Unilever shareholder in ‘revolt’ over tax risks associated with Amsterdam move
A shareholder in Unilever has hinted it could vote against the consumer giant's plan to move its headquarters to Amsterdam to simplify its corporate structure.
The Times reported that Lindsell Train, Unilever's third largest shareholder, could vote against the move on the grounds that it would result in the forced sale of Unilever shares and mean UK shareholders may have to bear tax risks in the Netherlands that could withhold dividends.
The maker of Marmite sparked a backlash when it announced the move, with many commentators suggesting it could be because of Brexit. The company denied the claim, saying the rational behind the relocation was to allow it to simplify its dual-share structure.
Nick Train, the founder of Lindsell Train, told the newspaper that the move represented a "possible reduction of dividend stream".

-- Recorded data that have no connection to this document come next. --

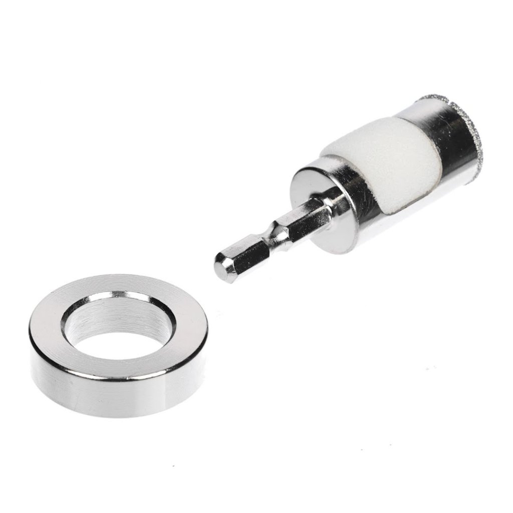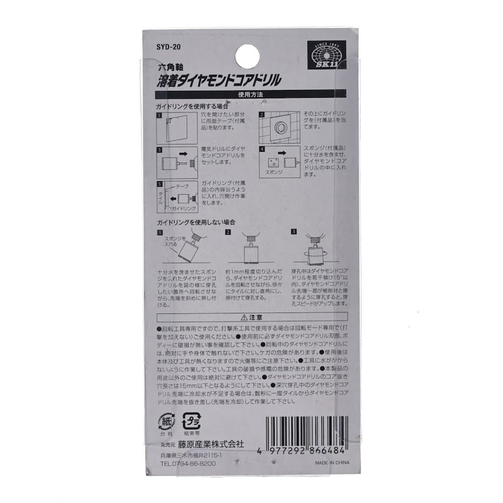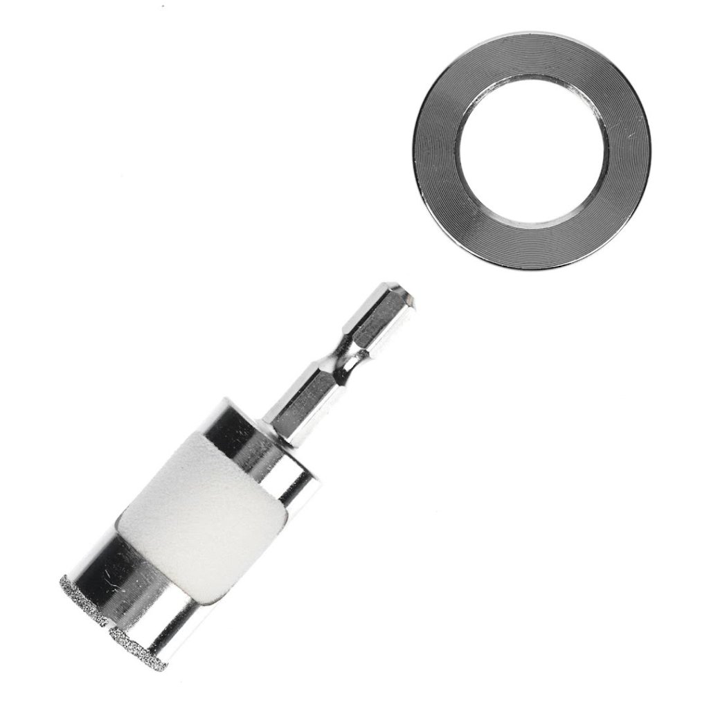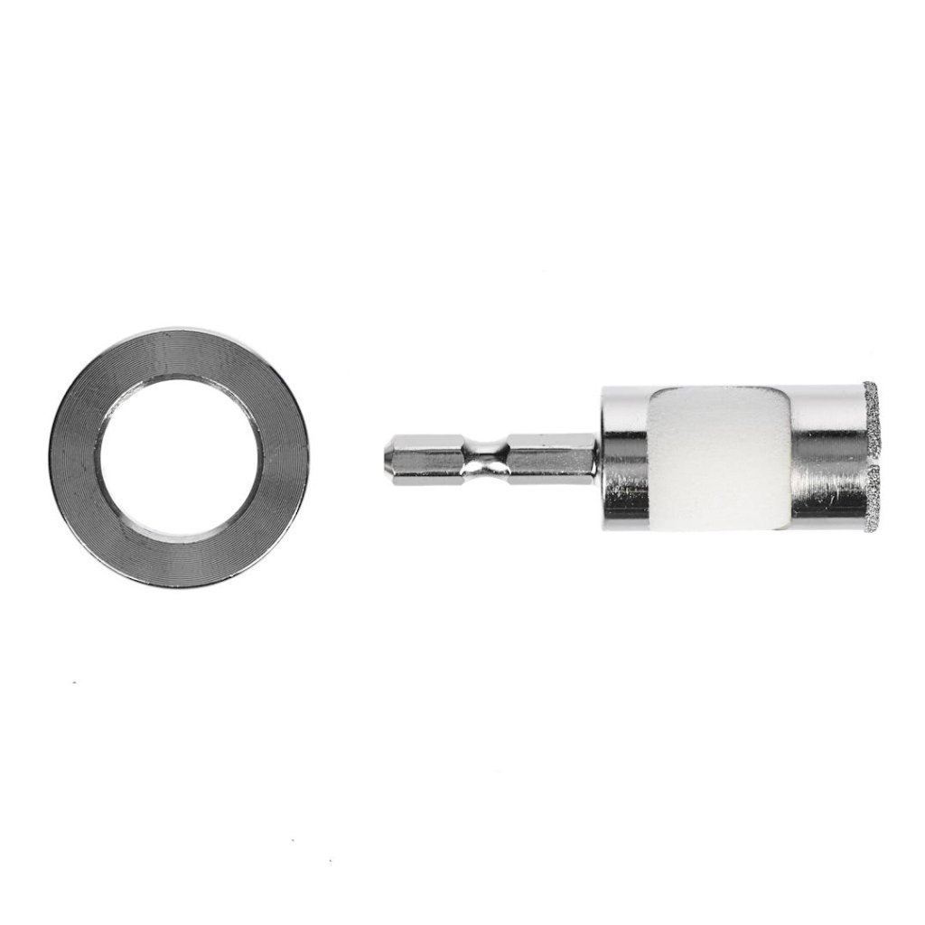 The SK11 Mini Diamond Hole Saw is designed to drill hard materials such as ceramic tiles, stone, and brick precisely. Its hexagonal shank easily fits impact drivers, ensuring low vibration and noise during use. This tool features superior durability due to its welded diamond construction, lasting over ten times longer than carbide drills. Additionally, it includes a guide ring, making it simple for beginners to achieve clean, chip-free holes.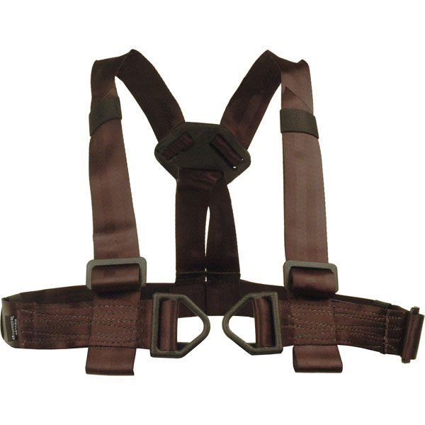 A basic style chest harness with “V” ring attachment points that can be connected with a carabiner or rope. The Standard Chest Harness features 2″ chest strap webbing and 2″ shoulder strap webbing. Fully adjustable. Fits Up to 56″.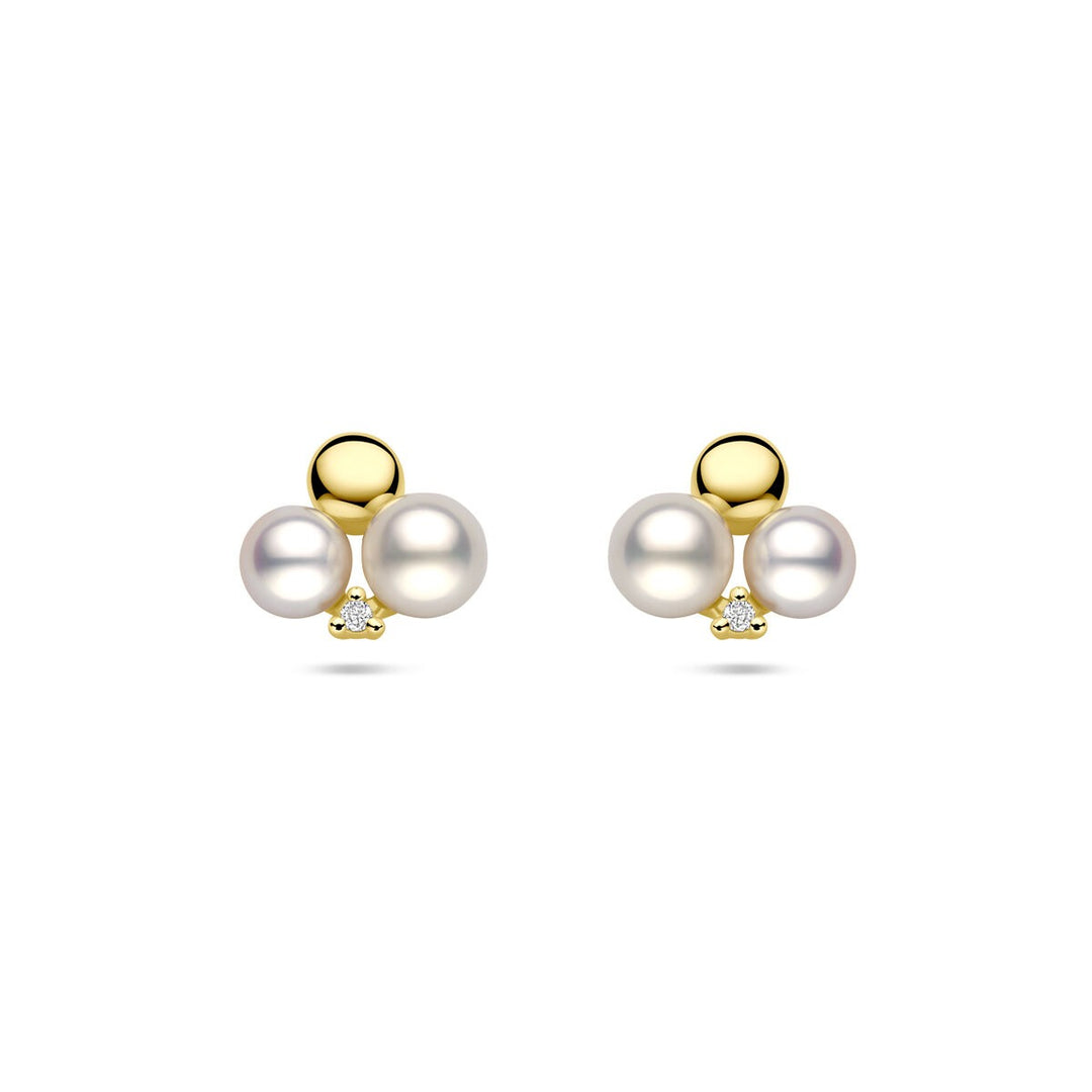 oorknoppen parel en diamant 0.02ct (2x 0.01ct) h p1 14K geelgoud
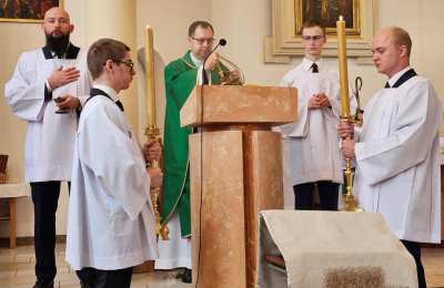 W homilii biskup kaliski dziękował rodzicom za pogodzenie się z wolą Bożą, aby syn został kapłanem a córka siostrą zakonną. - Jedną sprawą jest odczytać Boże powołanie, a drugą sprawą jest zgodzić się na to. Ta zgoda następuje na różnych poziomach. Z jednej strony potrzeba zgody zainteresowanego, ale także potrzeba zgody albo przynajmniej pogodzenia się ze strony najbliższych, szczególnie rodziców – stwierdził kaznodzieja. Prosił rodziców o modlitwę w intencji swoich dzieci. – Bardzo ważna jest modlitwa wstawiennicza. Takim pięknym doświadczeniem jest to jak rodzice towarzyszą swoim dzieciom modląc się za nich, szczególnie wtedy, gdy nie mają bezpośredniego kontaktu codziennego, ale przecież ciągle są ich dziećmi i ciągle ich w sercu noszą, mimo że są dorosłymi dziećmi – zaznaczył pasterz Kościoła kaliskiego. Zachęcał rodziny osób powołanych, aby pogłębiali swoje życie duchowe. - Chciałbym drodzy, żeby to doświadczenie, że Pan Bóg w waszej rodzinie wybrał osobę do szczególnej misji w Kościele było takim dobrym zaproszeniem, aby zatroszczyć się o swoje życie duchowe i to życie pogłębiać. Dzisiaj słowo Boże zaprasza nas, żebyśmy rozwijali szczególnie nasze życie modlitwy – przekonywał bp Bryl. Po Mszy św. wszystkich zaproszono na obiad. W programie dnia skupienia była także projekcja filmu „Mama”. Spotkanie zakończyła modlitwa różańcowa.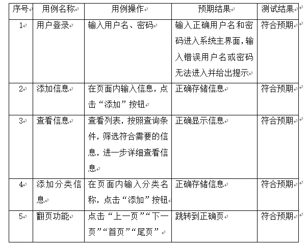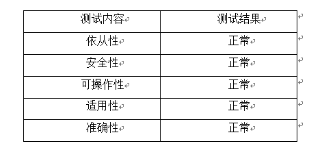 功能测试主要包括五项内容,分别是适用性,准确性,可操作性,依从性和安全性。系统的功能测试表如下所示: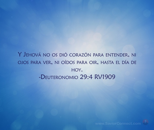 Y Jehová no os dió corazón para entender, ni ojos para ver, ni oídos para oir, hasta el día de hoy. -Deuteronomio 29:4 RV1909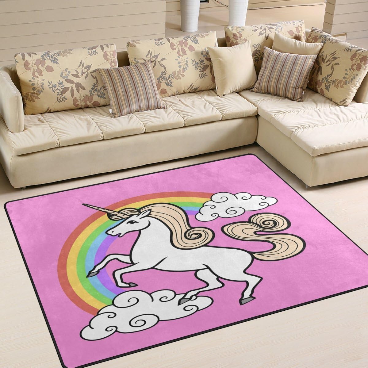 Area Rug 80x58 Inch Cartoon Unicorn Pink Rainbow For Living Room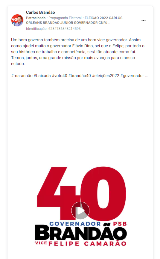 Para tentar se popularizar entre os maranhenses, o governador do Maranhão e candidato à reeleição, Carlos Brandão (PSB), já pagou R$ 140 mil em publicidades na empresa Meta, dona do Facebook e Instagram, no últimos 30 dias. Os dados são da própria plataforma, que disponibiliza um ranking com os dados.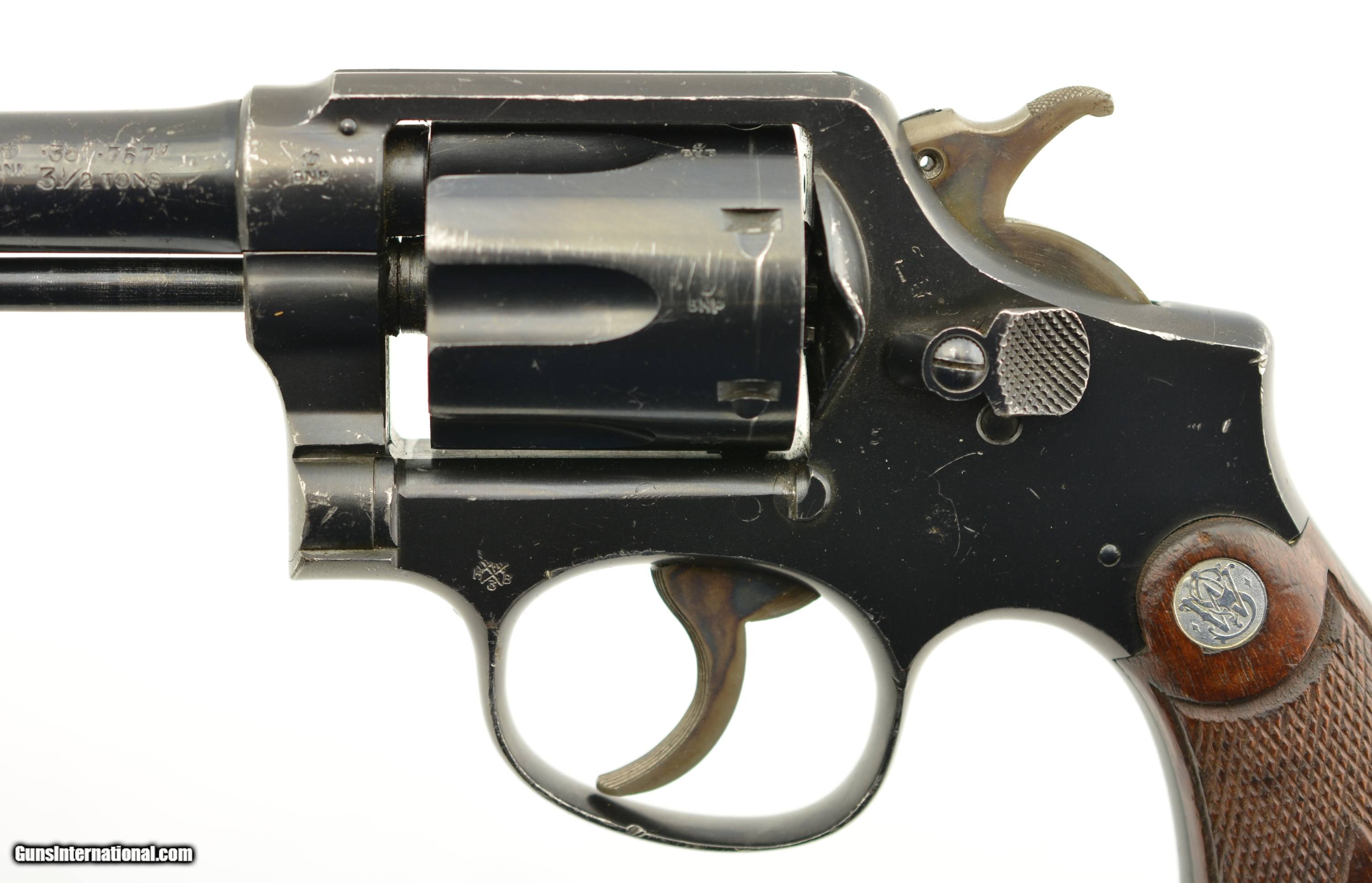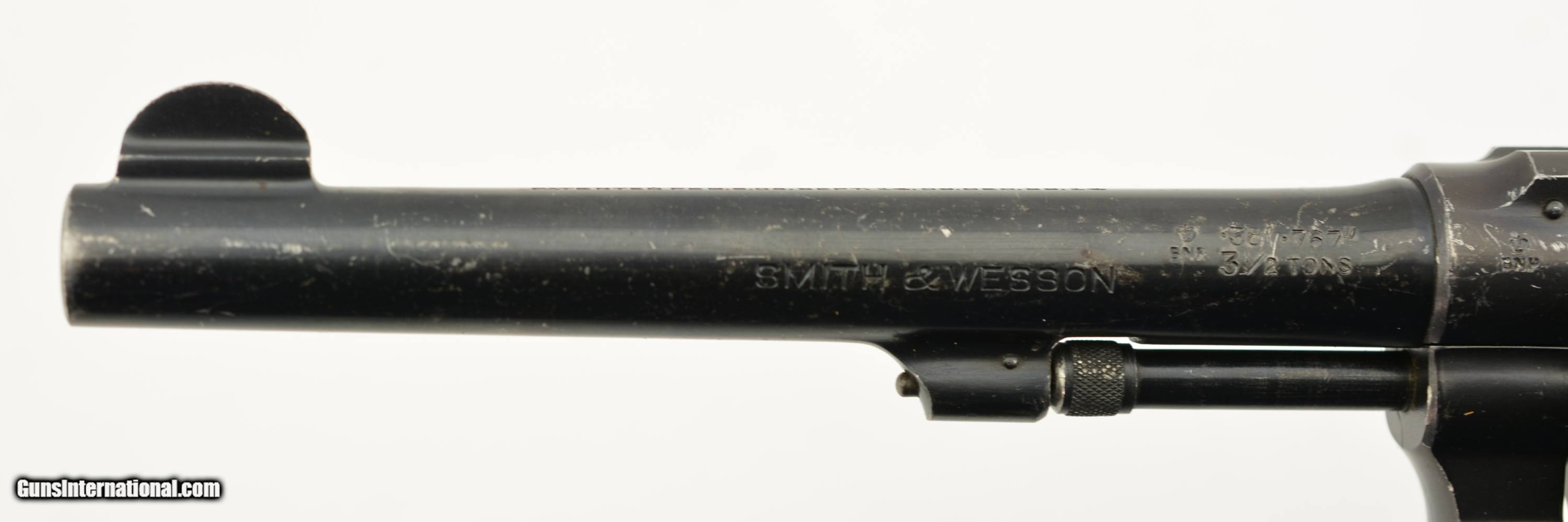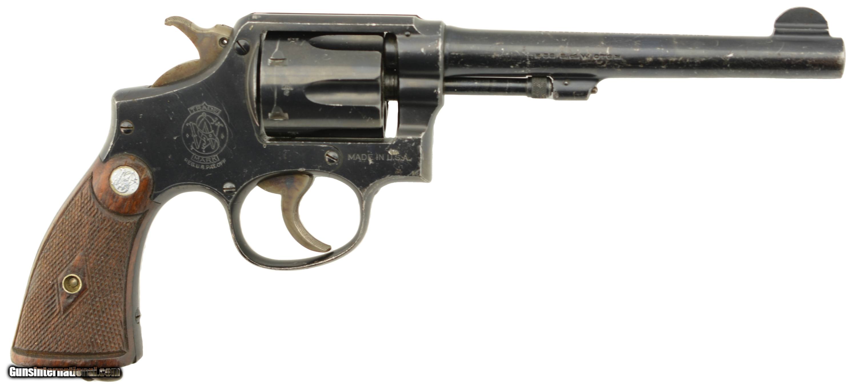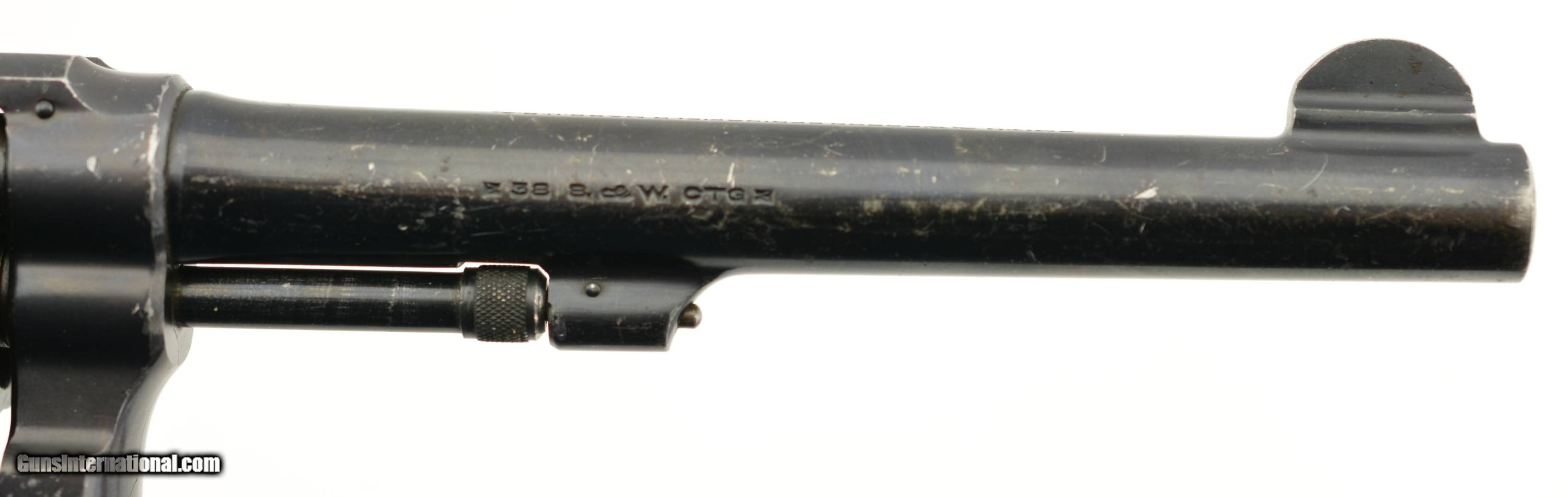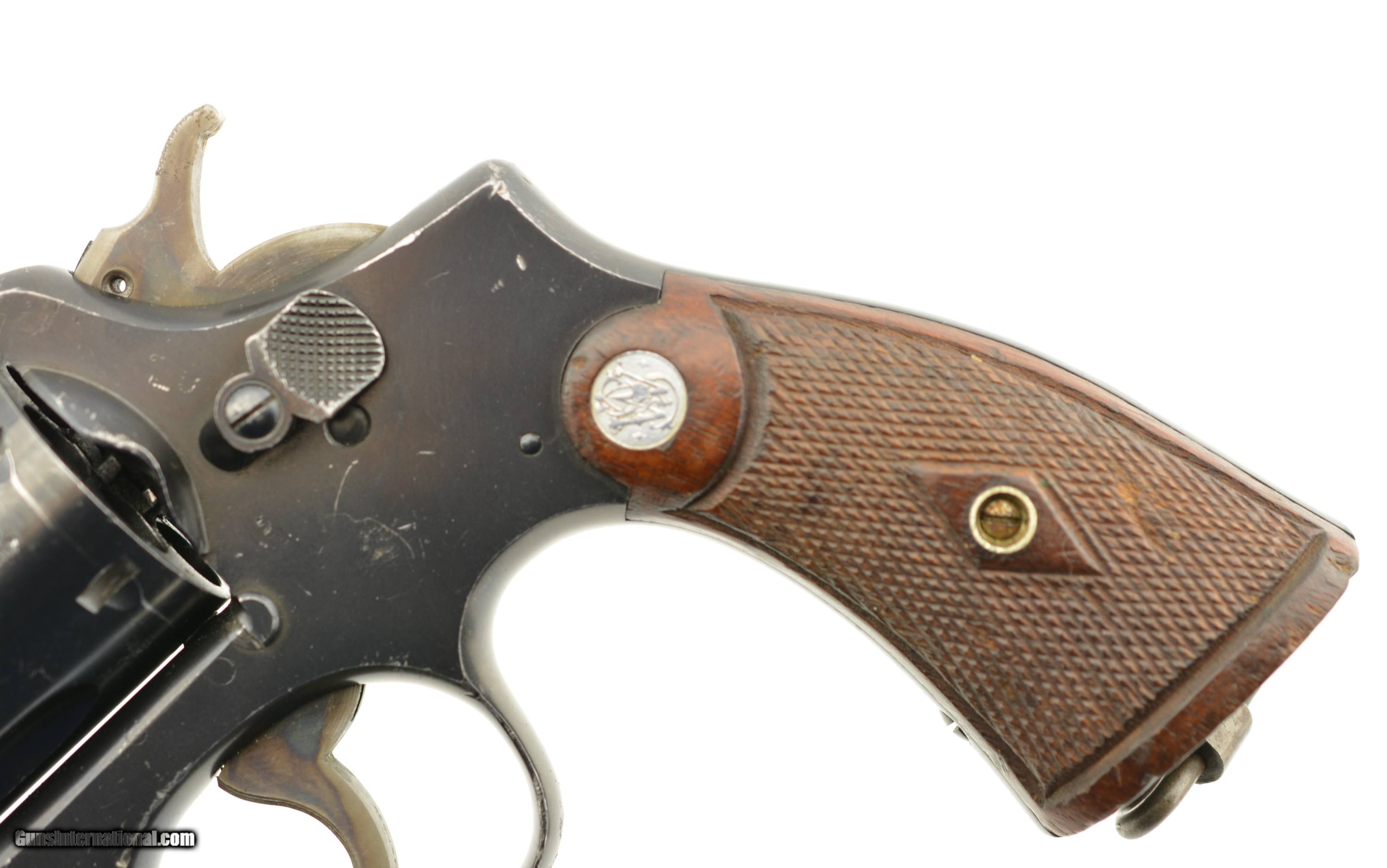 Description: Serial #704010, .38 S&W, 6" barrel with an excellent, bright bore. This is one of the early pre-prefix revolvers and has matching numbers on the frame, barrel, cylinder, yoke, and extractor. The metal retains about 90-92% of the original "Black Magic" finish with scratches and silvering along the barrel, as well as along the high edges and bearing surfaces. The hammer and trigger have retained about 80-85% of the original color case-hardening, and extensive post-war Birmingham commercial proofs are present on the barrel, frame, and cylinder. The checkered walnut, diamond-center grips are numbered to the gun on the interior, and are in good-near very good condition with some flattening of the points, and small chips missing around the butt. The lock-up is still tight, and the original lanyard swivel is still in place. This is a fine example of a WW2 British contract S&W, and would make a great addition to any collection. FFL or C&R SOLD Curio/Relic: Yes Manufacturer: S&W Model: 1905 Serial Number: 704010 Caliber Info: .38 S&W Gauge Info: .38 S&W |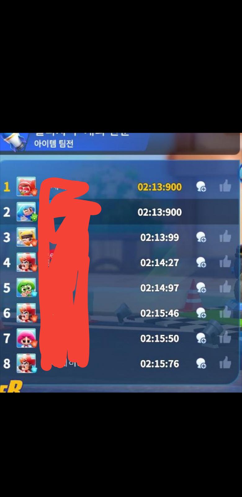 엇 저  마침 어제 밤에 같은 기록으로 들어와서 신기해서 캡쳐했었어요 ㅎㅎ  근데 무슨기준인지 제가 2등으로 찍혔어요 ㅠㅠ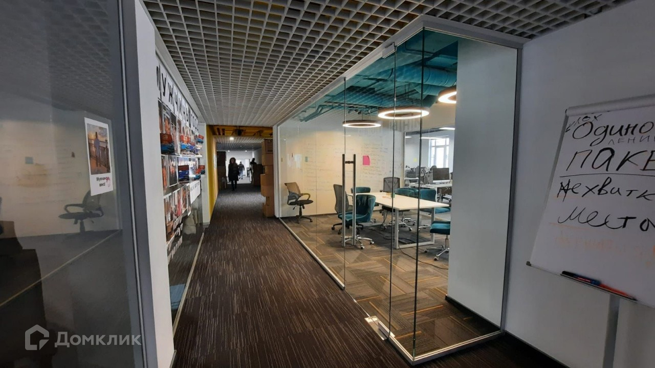 Описание помещения:  Планировка: ресепшн, кабинеты, переговорные, лаунж-зона, кухня, большой open-space и зоны отделов. Есть vip-лифт рядом с кабинетом директора. Рассадка на 170 рабочих мест.

"The fact is the company is not offering a perpetuity guarantee that current Unilever plc shareholders will never suffer from any future change in Dutch tax policy," he said.
Dutch Prime Minister Mark Rutte announced plans last year to scrap the tax by 2020 but it has not drummed up much support.
Unilever told Reuters earlier this week that if the tax is not scrapped, it could use a “substitution payment mechanism” to distribute capital in a way that does not trigger the 15 percent tax.